2. Description of the Related Art
As is well known, a DC-to-DC converter is a circuit that converts a DC input voltage to a DC output voltage, with the output voltage typically being different, i.e., having a different magnitude (irrespective of polarity), than the input voltage. There are at least three general types: a step down converter, also known as a “buck” converter; a step up converter, also known as a “boost” converter; and a variable converter capable of producing an output voltage which is selectively a fraction or multiple of the input voltage, also known as a “buck-boost” converter.
Referring to FIG. 1A, a conventional buck converter accepts a DC input voltage VIN to produce a DC output voltage VOUT. The input voltage VIN is applied across a shunt rectifier in the form of a diode D in a switched manner by virtue of a series switch in the form of a transistor Q which is turned on and off according to the asserted and de-asserted states, respectively of a control voltage VC. (It should be noted that throughout this discussion, the transistors used as the switching elements are depicted as NPN bipolar junction transistors. However, it will be readily understood by one of ordinary skill in the art that, in accordance with well known circuit design principles, other transistors, such as PNP bipolar junction transistors and metal oxide semiconductor field effect (MOSFET) transistors, both N-type and P-type, can be substituted with appropriate reversals in voltage polarities as necessary.)
When the transistor Q is turned on, current will begin to flow through the inductor L to the shunt output capacitor C, and thereby begin charging the capacitor C. When the transistor Q is turned off, the inductor current will continue to flow, but now through the diode D instead of the transistor Q. As the control voltage VC is periodically asserted and de-asserted, this process repeats, thereby producing a DC output voltage VOUT with an average value that is proportional to the input voltage VIN, with such proportion, or fraction, being approximately equal to the duty cycle (ratio of the asserted state duration to the sum of the asserted and de-asserted states durations) of the control voltage VC.
Referring to FIB. 1B, a conventional boost converter also has the inductor L in series (now at the input), but now has the diode D in series and the switching transistor Q connected in shunt, substantially as shown.
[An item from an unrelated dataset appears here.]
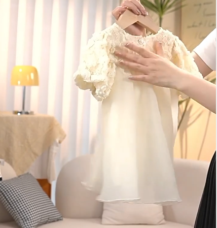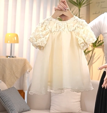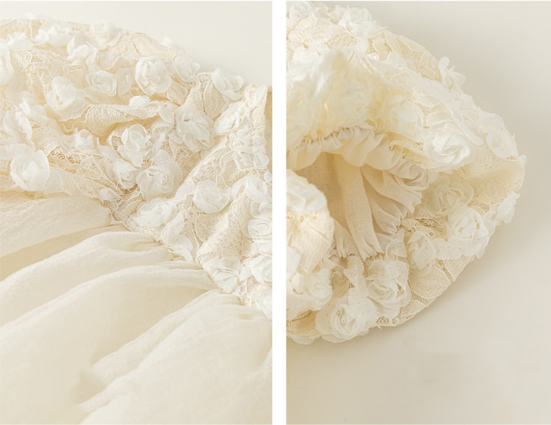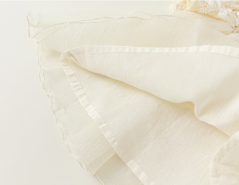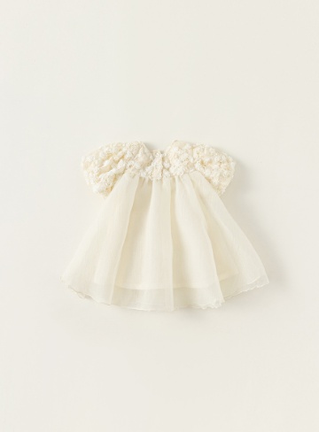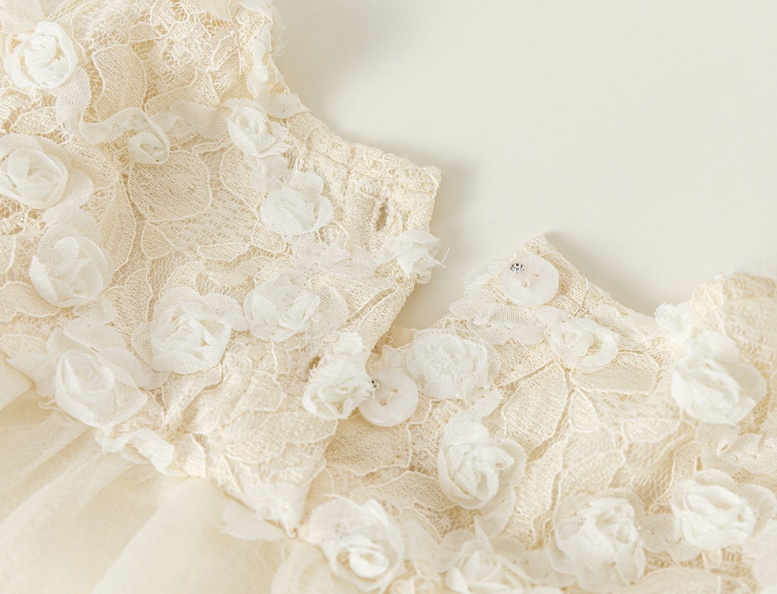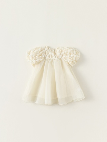 優しいクリーム色の生地に繊細な刺繍が施された、特別な日にぴったりの一着。

During assertion of the control voltage VC, the transistor Q is turned on, thereby initiating current flow through the inductor L. During de-assertion of the control voltage VC, the transistor Q is turned off, and the inductor current flows through the diode D to charge the capacitor C. This produces an output voltage VOUT which is a multiple of the input voltage VIN, with such multiple being approximately equal to the inverse of the difference between unity and the duty cycle of the control voltage VC.
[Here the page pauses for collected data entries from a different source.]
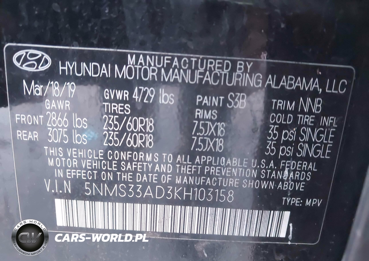 IAAI Nr: I-44575043 VIN: 5NMS33AD3KH103158 Port: Savannah, GA
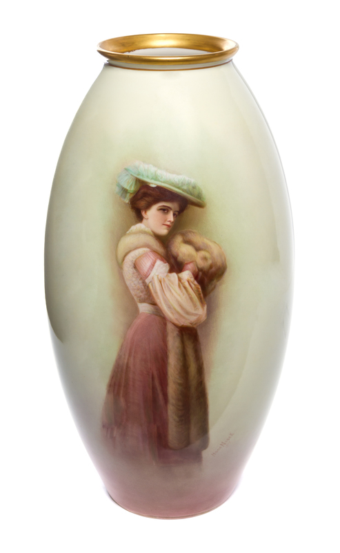 of ovoid form, decorated with a lady in Victorian attire signed Hans Nosek and dated 1907, the base with Belleek Willets mark.
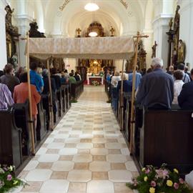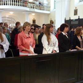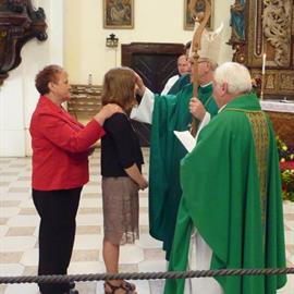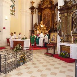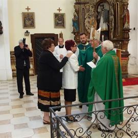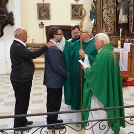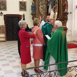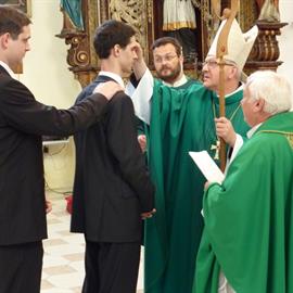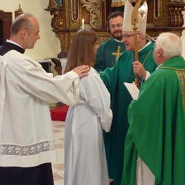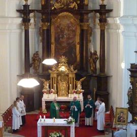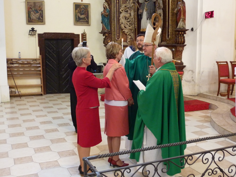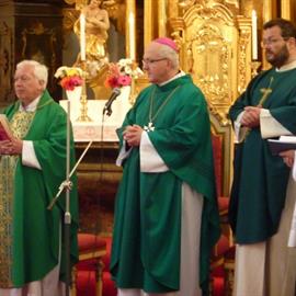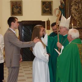 biřmování, litoměřický biskup Mons. Jan Baxant, děkan farnosti Aleksander Siudzik a R.D. Josef Hurt, 9. června 2013, kostel sv. Petra a Pavla, Podbořany
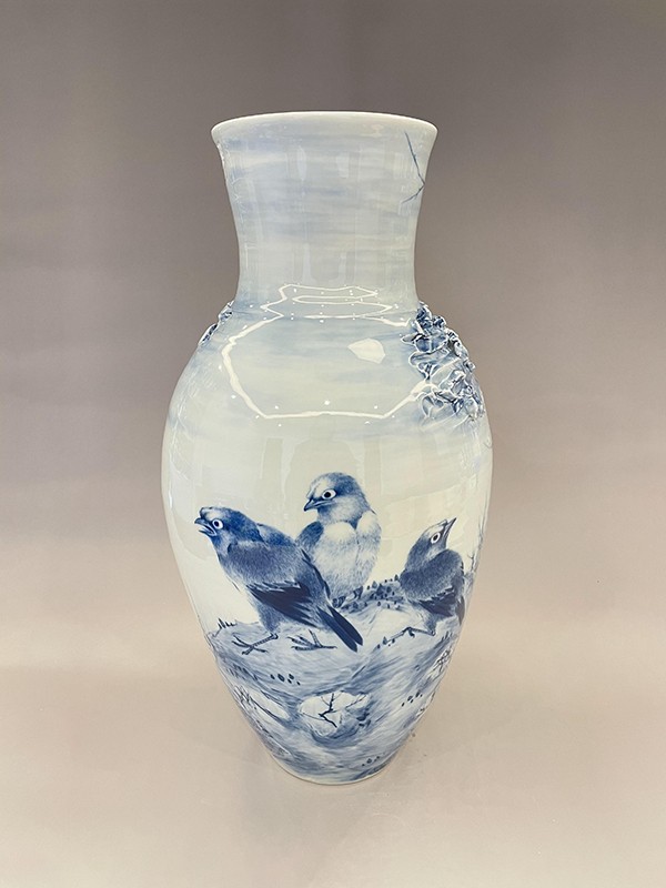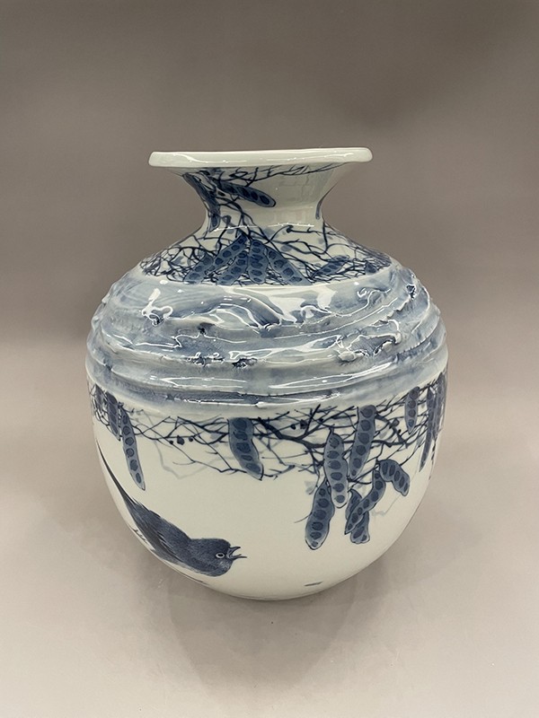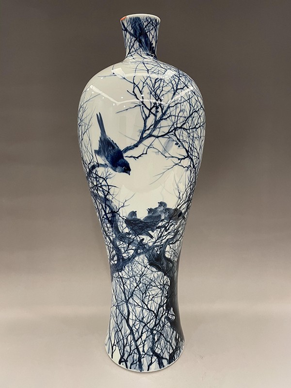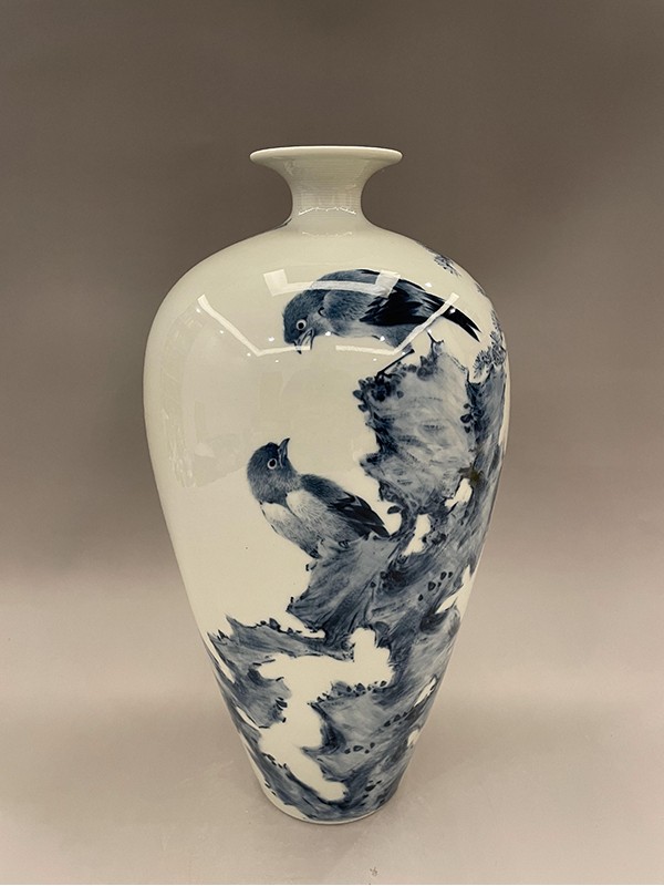 2021年,創(chuàng)作的柴窯青花瓶《松鷹圖》在第十七屆中(深圳)國際文化產(chǎn)業(yè)博覽交易會“中國工藝美術(shù)文化創(chuàng)意大賽”評選中榮獲“銀”獎。

Referring to FIG. 1C, a conventional buck-boost converter has the transistor Q in series, like the buck converter, and the diode D in series (but reversed in polarity) like the boost converter. The inductor L is now connected in shunt between the transistor Q and diode D substantially as shown. During assertion of the control voltage VC, the transistor Q is turned on and inductor current flows. During de-assertion of the control voltage VC, the transistor Q is turned off, thereby causing the continuing inductor current to flow through the diode D and charge the capacitor C. This produces a DC output voltage VOUT with an average value that is selectively a fraction or multiple of the input voltage VIN. Such fraction or multiple is approximately equal to the quotient of the duty cycle (of the control voltage VC) divided by the difference between unity and the duty cycle. Hence, for duty cycles less than 0.5 this circuit is a buck converter, while for duty cycles greater than 0.5 this circuit is a boost converter.
As is well known, these types of DC—DC converters have historically been implemented using discrete components, primarily due to the amount of current required to maintain the average output voltage with as little voltage ripple as possible. As a result, in order to also maintain some minimum efficiency on part of the inductor, the size of the inductor is often larger than what might be desired for a more compact circuit design, since reducing the size of the inductor will increase the likelihood of magnetic saturation, thereby decreasing the efficiency.